In artikel 9, eerste lid, aanhef en onder c, van de Vogelrichtlijn is bepaald dat de lidstaten, indien er geen andere bevredigende oplossing bestaat, mogen afwijken van onder andere artikel 5, teneinde het vangen, het houden of elke andere wijze van verstandig gebruik van bepaalde vogels in kleine hoeveelheden selectief en onder strikt gecontroleerde omstandigheden toe te staan.
In artikel 1, sub i, van de Europese Richtlijn van 21 mei 1992 inzake de instandhouding van de natuurlijke habitats en de wilde flora en fauna (92/43/EEG; hierna: de Habitatrichtlijn) is bepaald dat de staat van instandhouding van een soort als gunstig wordt beschouwd wanneer:
- uit populatiedynamische gegevens blijkt dat de betrokken soort nog steeds een levensvatbare component is van de natuurlijke habitat waarin hij voorkomt, en dat vermoedelijk op de lange termijn zal blijven, en
- het natuurlijke verspreidingsgebied van die soort niet kleiner wordt of binnen afzienbare tijd lijkt te zullen worden, en
- er een voldoende grote habitat bestaat en waarschijnlijk zal blijven bestaan om de populaties van die soort op lange termijn in stand te houden.
3.2. Ingevolge artikel 12 van de Ffw is het verboden eieren van dieren, behorende tot een beschermde inheemse diersoort, te zoeken, te rapen, uit het nest te nemen, te beschadigen of te vernielen.
Ingevolge artikel 60, eerste lid, van de Ffw kan de minister, voor zover naar zijn oordeel de belangen van natuurbehoud zich daartegen niet verzetten, een periode liggende tussen 1 maart en 9 april vaststellen, waarbinnen gedeputeerde staten aan samenwerkingsverbanden van weidevogelbeschermers die overeenkomstig het tweede lid zijn erkend, ontheffing kunnen verlenen van het verbod van artikel 12 ten behoeve van het zoeken en rapen van eieren van de kievit (Vanellus vanellus). Ingevolge het vierde lid kunnen bij ministeriële regeling nadere regels worden gesteld met betrekking tot voorschriften en beperkingen waaronder de in het eerste lid bedoelde ontheffingen kunnen worden verleend.

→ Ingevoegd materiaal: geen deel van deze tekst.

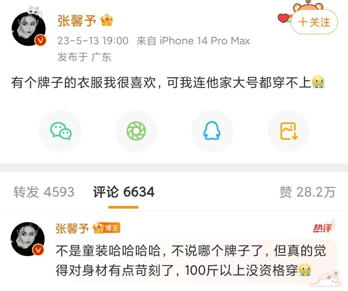 张馨予在社交媒体吐槽衣服尺寸

3.3. Ingevolge artikel 2 van de krachtens voormelde bepaling vastgestelde Regeling zoeken, rapen en beschermen van kievitseieren Flora- en faunawet (Stcrt. 2002, nr. 62) kunnen gedeputeerde staten aan erkende samenwerkingsverbanden van weidevogelbeschermers in de periode van 1 maart tot en met 8 april ontheffing verlenen van het verbod van artikel 12 van de Ffw ten behoeve van het zoeken en rapen van eieren van de kievit.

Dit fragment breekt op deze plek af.